What I found with my 5K monitor is smaller Jpegs look bad. More jaggies unless you downsample to about a minimum of 3600 on the long side. Some sites don't allow that size so if I post a smaller file I not sure what others are seeing. Jpegs opened in PS are sized correctly but are half the size to what I was used to seeing on my old screen. It was an adjustment.


----------



## PeterG (Nov 24, 2020)

Zenon - What size is your 5k monitor? Would you buy a 5k rather than 4k again?


----------



## Zenon (Nov 24, 2020)

2019 - 27" iMac. When I replace it I may not have any choice. If was was going to do it again I'd probably get the 5K again. While it as a little frustrating at first  I do like the resolution and I developed work arounds. One site resamples poorly so I upload full size files to Flickr and link full size tp the site. It downsamples and looks good but they are a little big. I keep experimenting with different sizes to post. If I want to see how my final results look exporting from LR 3,600 looks good on the screen in preview. I double the size to view it in PS although don't  use PS much these days. I just send files from LR for advanced cloning.


----------



## mcasan (Dec 10, 2020)

Ended up replacing my Dell UP3216Q with a Lenovo P32u-10.   It is 4K, wide gamut, and does TB3 with passthrough.   So I connected the monitor to the Mac mini and on the other side of the monitor I have my Netstor enclosure (houses the RAID set) and a G-drive HDD which is used for Time Machine backups.  The monitor has 3 year warranty.  It originally listed for $1399 and is on sell at Lenovo for $699.


----------



## mariah1902 (Dec 29, 2020)

Yes it is true so go for 4k. 4k monitors are good enough and you will never be in need f 5k monitors.
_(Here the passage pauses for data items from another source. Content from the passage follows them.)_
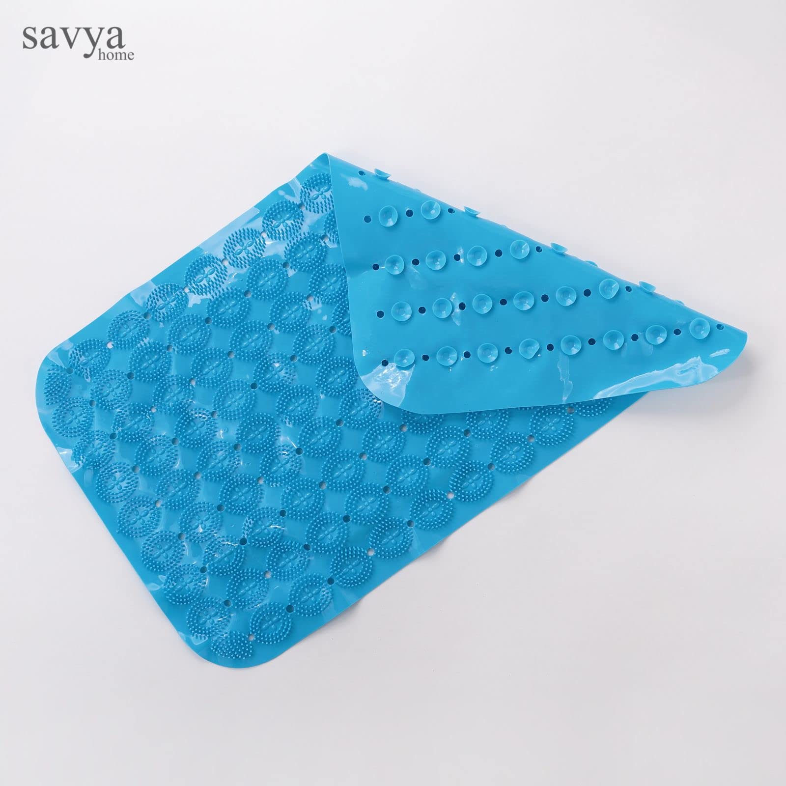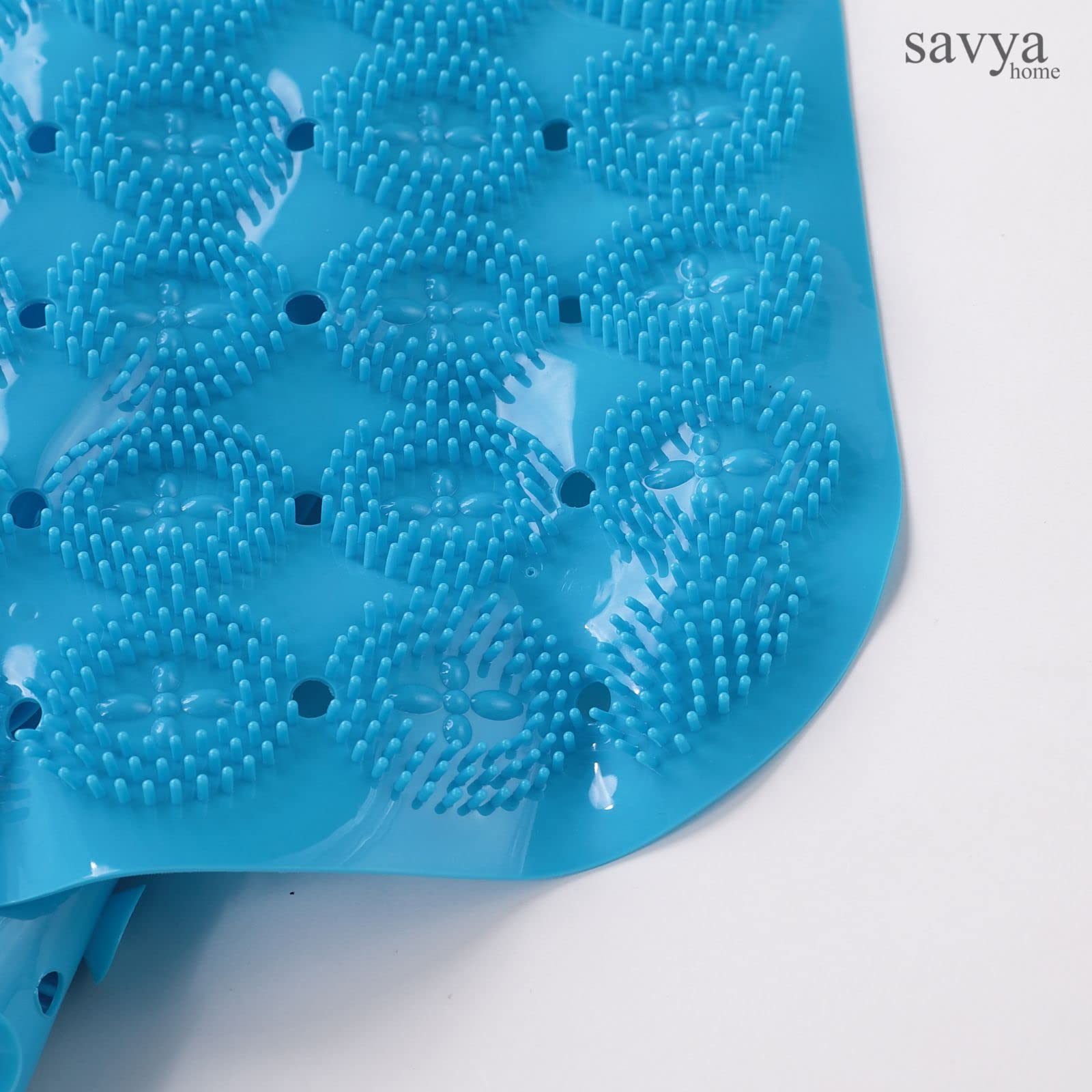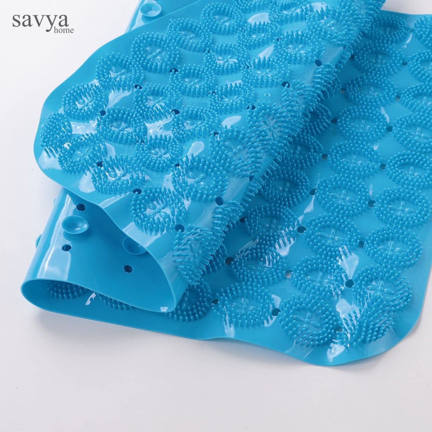 Savya Home Anti Skid Bath Mat for Bathroom, Mat for Kitchen, Mat for Shower area, Bathtub Mats| PVC Bath Mat with Suction Cup, Machine Washable Floor Mat (67x37 cm) (Blue)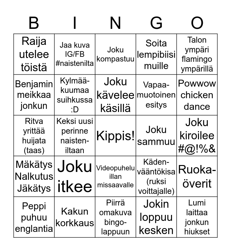 This bingo card has a free space and 24 words: Joku itkee, Kakun korkkaus, Joku kävelee käsillä, Peppi puhuu englantia, Talon ympäri flamingo ympärillä, Raija utelee töistä, Benjamin meikkaa jonkun, Jaa kuva IG/FB #naistenilta, Joku sammuu, Videopuhelu illan missaavalle, Vapaa- muotoinen esitys, Ritva yrittää huijata (taas), Käden-vääntökisa (ruksi voittajalle), Ruoka-överit, Kylmää-kuumaa suihkussa :D, Jokin loppuu kesken, Joku kiroilee #@!%&, Joku kompastuu, Powwow chicken dance, Keksi uusi perinne naisten-iltaan, Lumi laittaa jonkun hiukset, Mäkätys Nalkutus Jäkätys, Soita lempibiisi muille and Piirrä omakuva bingo-lappuun.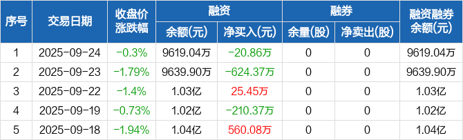来伊份:融资净偿还20.86万元,融资余额9619.04万元(09-24)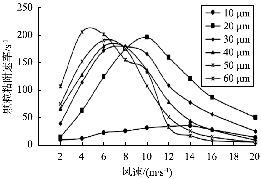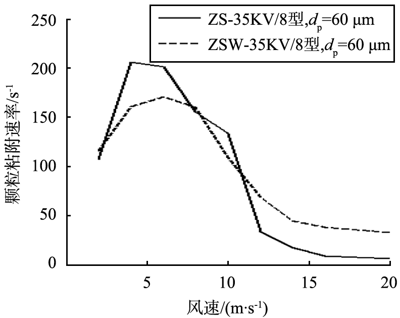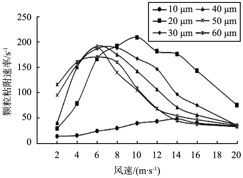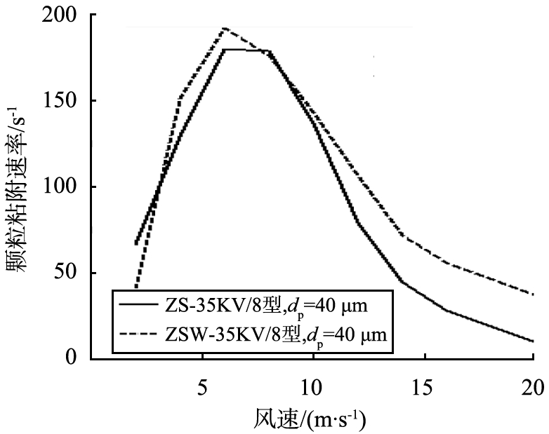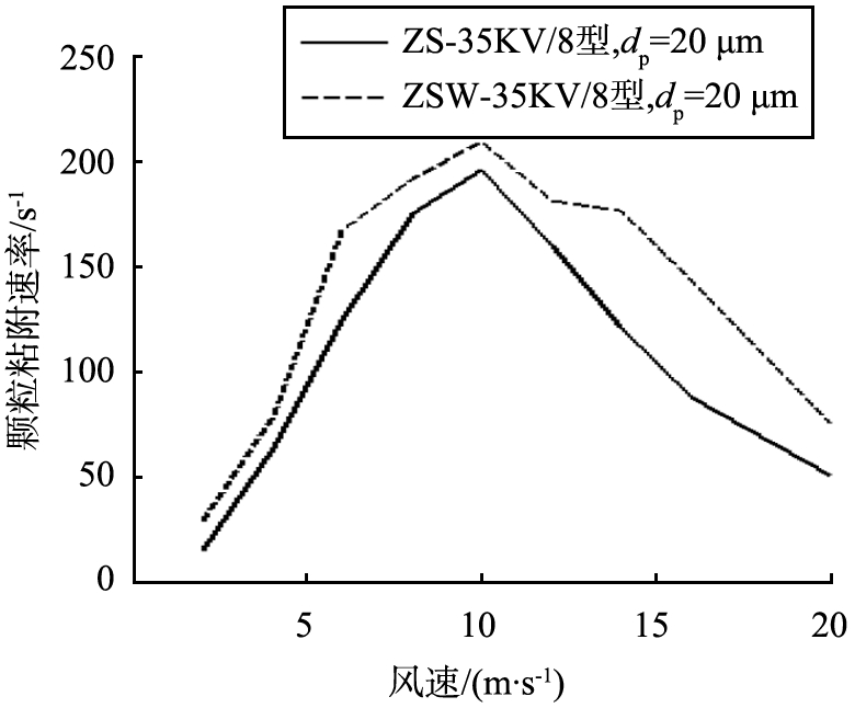 图8为颗粒在绝缘子表面粘附速率随风速变化图。从图中可以看出,随着水平风速的增加,颗粒在绝缘子表面粘附速率先逐渐增大,风速达到一定值后,粘附速率开始减小。

Most of the videos that you will be playing normally would be 4k or 1080p so why would you waste your money on 5k?. Wait for 1 more year then you can buy it when all the people will be using 5k as regular video quality. Even when I play videos online most of hem are 1080p so why would I bother to buy a 5k tv?.


PeterG said:


> I am looking at changing my external monitor and looking at a 27 inch monitor (thinking 32 inch may be too big). Is there much of a benefit going for a 5k rather than 4k monitor.  I have read there are disadvantages to a 5k at that size " Extreme pixel density mak


----------



## Bluebamboo (Feb 11, 2021)

To my mind 27" 4k is the sweetspot, on a 32" then 5k may be a good option.


----------



## TimothyKemperle691 (Feb 11, 2021)

I ended up purchasing a ViewSonic 38" Ultra Wide monitor. (VP3881).  Since I have been working from home the monitor has a dual purpose of connecting to my work laptop as well as for my personal use.  I like that I am able to break the screen into multiple grids (usually 3) for work.  I also like the use with Lightroom.  I am contemplating switching to a Mac Mini M1 once Lightroom fully supports it but currently on my PC Lightroom works great.  

The monitor also filled out my desk perfectly...almost looks like it was built for it.


----------



## Bob_B (Feb 11, 2021)

I settled for an ASUS ProArt 32" 4K. Pricey, but I think it'll satisfy my needs, and I wanted to go with one single monitor with my new computer build.


----------



## PeterG (Feb 11, 2021)

Bluebamboo said:


> To my mind 27" 4k is the sweetspot, on a 32" then 5k may be a good option.


Are there any 32 inch 5k monitors, I can't find any?


----------



## Bluebamboo (Feb 11, 2021)

PeterG said:


> Are there any 32 inch 5k monitors, I can't find any?


That's a good question, I just assumed there was as the thread seemed to allude to the fact there is a choice.
There is always the Dell UltraSharp UP3218K 32" 8k at a bargain $3999


----------